The Tribunal engaged in a process of indicative
reasoning and made findings that
were open to it on the available evidence. The rejection of the
applicant’s claims and evidence
was due to the fact that they were not
credible and she was not believed. An assessment of credibility is, to use an
oft quoted
expression, a matter par excellence for the
Tribunal.[18]
- I
conclude that the applicant is unable to demonstrate an arguable case of
jurisdictional error by the Tribunal. Accordingly, I will
order that the
application be dismissed pursuant to rule 44.12(1)(a) of the Federal Circuit
Court Rules 2001(Cth) (Federal Circuit Court Rules).
- In
consequence of the dismissal of the application, the Minister seeks an order for
costs in accordance with the Court’s scale.
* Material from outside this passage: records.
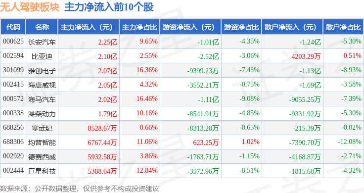 从资金流向上来看,当日无人驾驶板块主力资金净流出113.92亿元,游资资金净流入34.54亿元,散户资金净流入79.38亿元。无人驾驶板块个股资金流向见下表: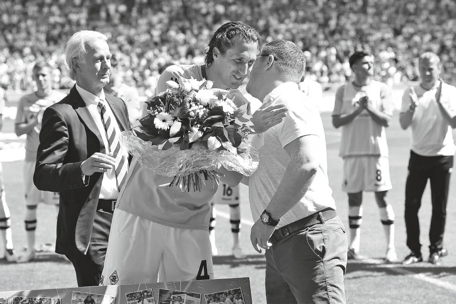 Roel Brouwers wird am 7. Mai 2016 im Borussia-Park von Manager Max Eberl (r.) und Vizepräsident Rainer Bonhof verabschiedet. Foto: Imago/Revierfoto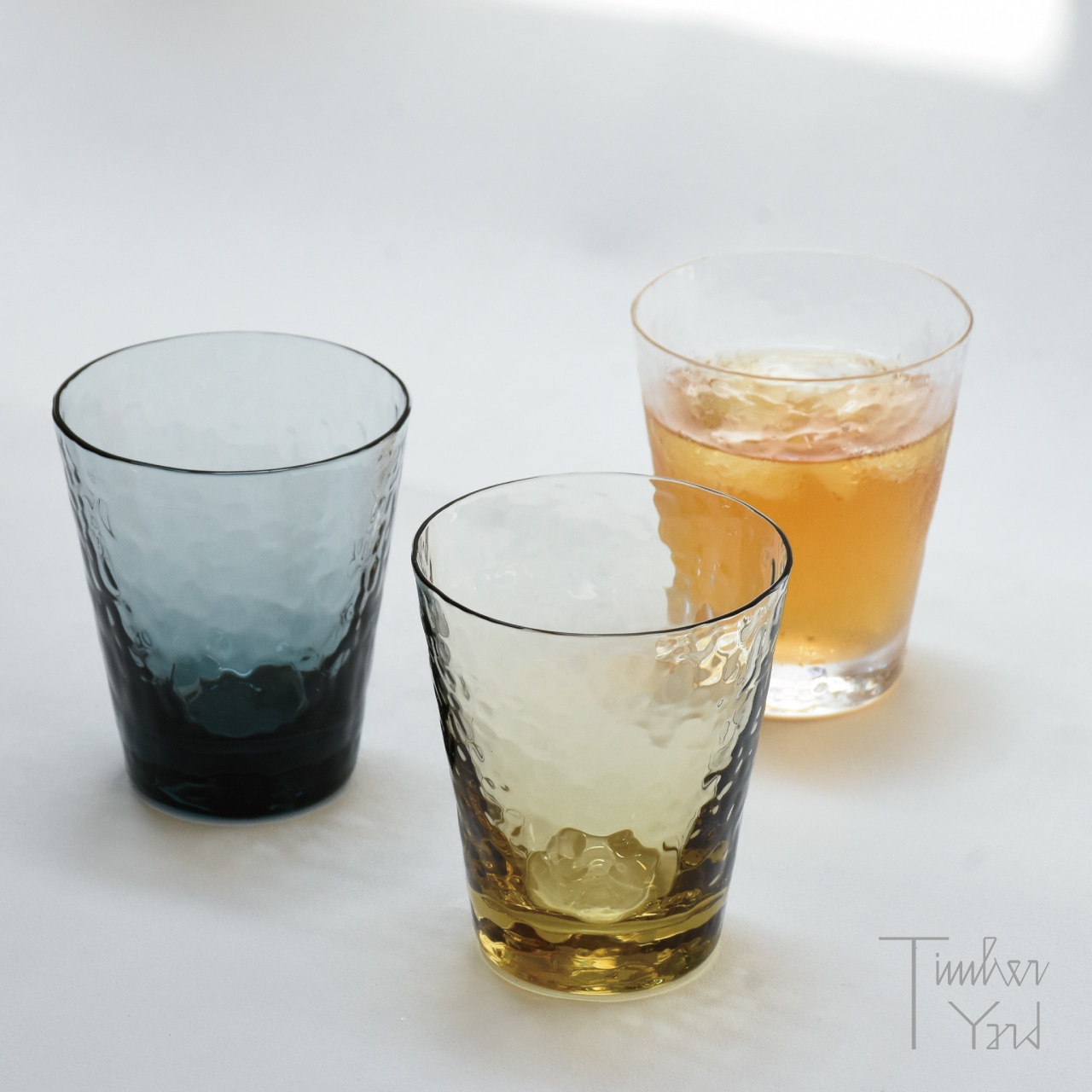 高温で溶けたガラスを急冷すると、ガラスがきゅっと縮みます。ディンプルは、その特性を活かした味わいのあるシリーズです。中に入れたドリンクをみずみずしく演出します。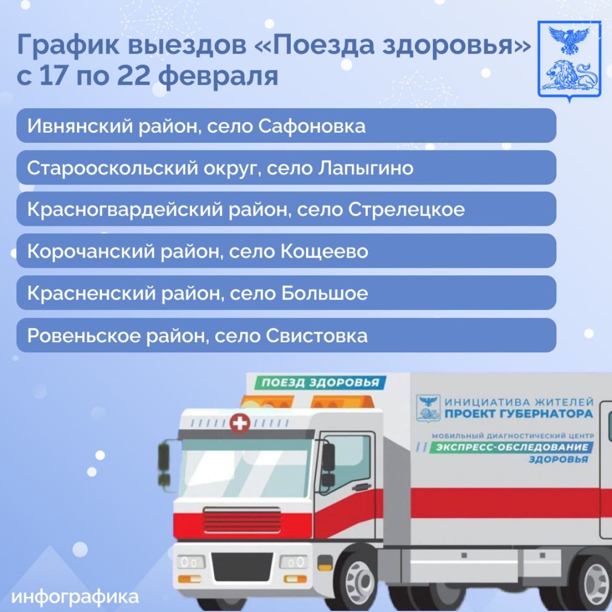 Появился очередной график работы мобильных медицинских комплексов Белгородчины. На текущей неделе, с 17 по 22 февраля, «Поезд здоровья» посетит шесть сёл разных районов области. Это Ивнянский район, село Сафоновка, Старооскольский округ, село Лапыгино, Красногвардейский район, село Стрелецкое, Корочанский район, село Кощеево, Красненский район, село Большое и Ровеньской район, село Свистовка.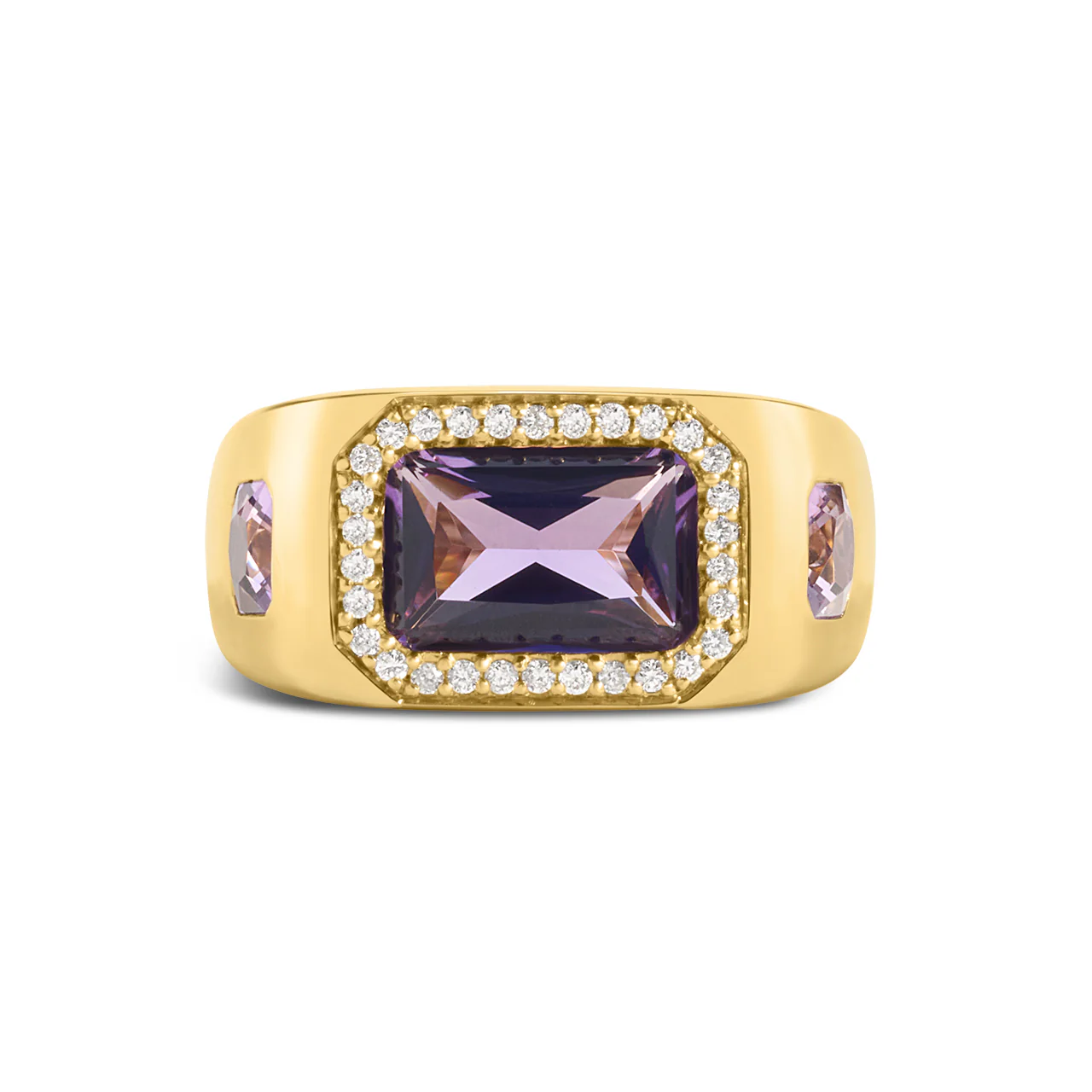 14K Yellow Gold Amethyst & Diamond Signet Ring

The applicant was uncertain
what she should say in relation to costs. I explained the basis for the
assessment of costs and the
consequences of making an order in a fixed amount.
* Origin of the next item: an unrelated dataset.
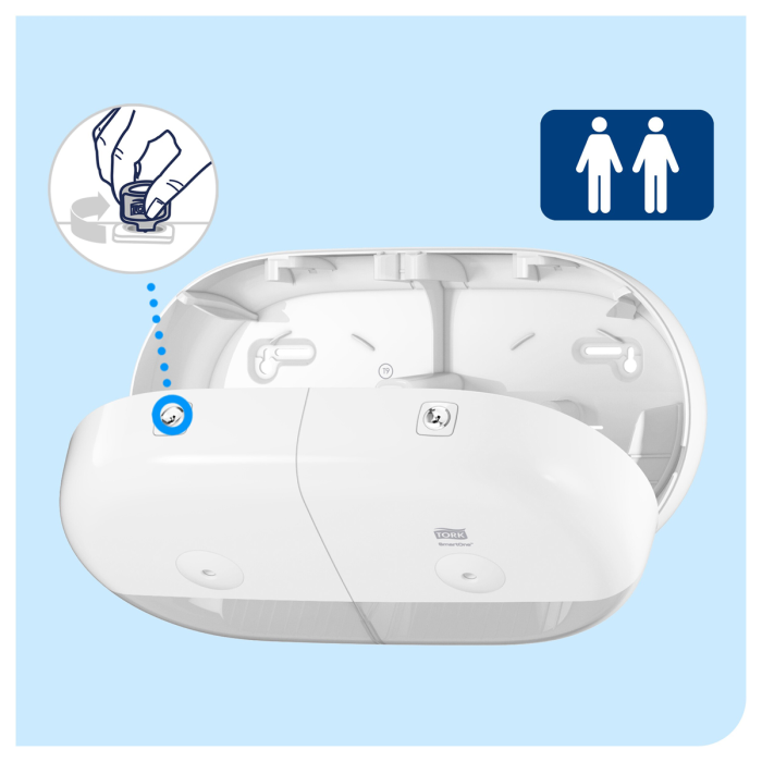 Tork SmartOne® Twin mini zásobník na toaletný papier v dizajne Elevation je moderný a efektívny systém zásobníkov vhodný pre náročné toalety a umyvárne s vysokou návštevnosťou. Tým, že sa doň zmestia dva kotúče, a dávkovaním po útržkoch, pomáha znižovať spotrebu až o 40 % v porovnaní s tradičnými jumbo kotúčovými zásobníkmi, čo znamená viac návštev na jeden kotúč. Zásobníky Tork Elevation majú praktický a moderný dizajn, ktorý zanecháva v hosťoch dlhodobý dojem.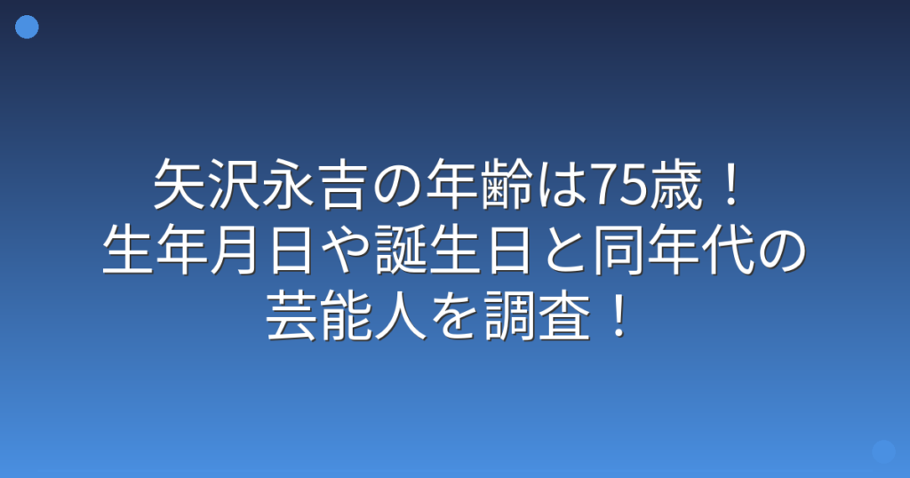 矢沢永吉の年齢は75歳!生年月日や誕生日と同年代の芸能人を調査!

The applicant did not make any further submissions.
- I
will order the applicant to pay the first respondent’s costs and
disbursements of and incidental to the application in the
sum of $3,416 in
accordance with rule 44.15(1) and item 2 of Division 1 of Part 3 to the Federal
Circuit Court Rules.
I certify that the preceding
twenty-nine (29) paragraphs are a true copy of the reasons for judgment of Judge
Driver
Associate:
Date: 4 May
2016
[1] Court Book (CB) 4.
[2] CB 5.
[3] CB
3-42.
[4] CB
79.
[5] CB
103-108.
[6] CB
132.
[7] CB
131-156.
[8] [2015] FCAFC
87.
[9] [2015] FCAFC
88.
[10] CB
1-2.
[11] CB
9-12.
[12] CB 102.
[13] CB
86-87.
[14] CB 135.
[15] CB 4.
[16] CB
9.
[17] CB 135-138.
[18] Re Minister for
Immigration; Ex parte Durairajasingham (2000) 168 ALR 407 at [67] per McHugh
J. A credibility finding is sound if it was "open to [the Tribunal] on the
material, was based on rational grounds
and was arrived at on consideration of
matters that were logically probative of the issue of credibility": see
Kopalapillai v Minister for Immigration [1998] FCA 1126; (1998) 86 FCR 547.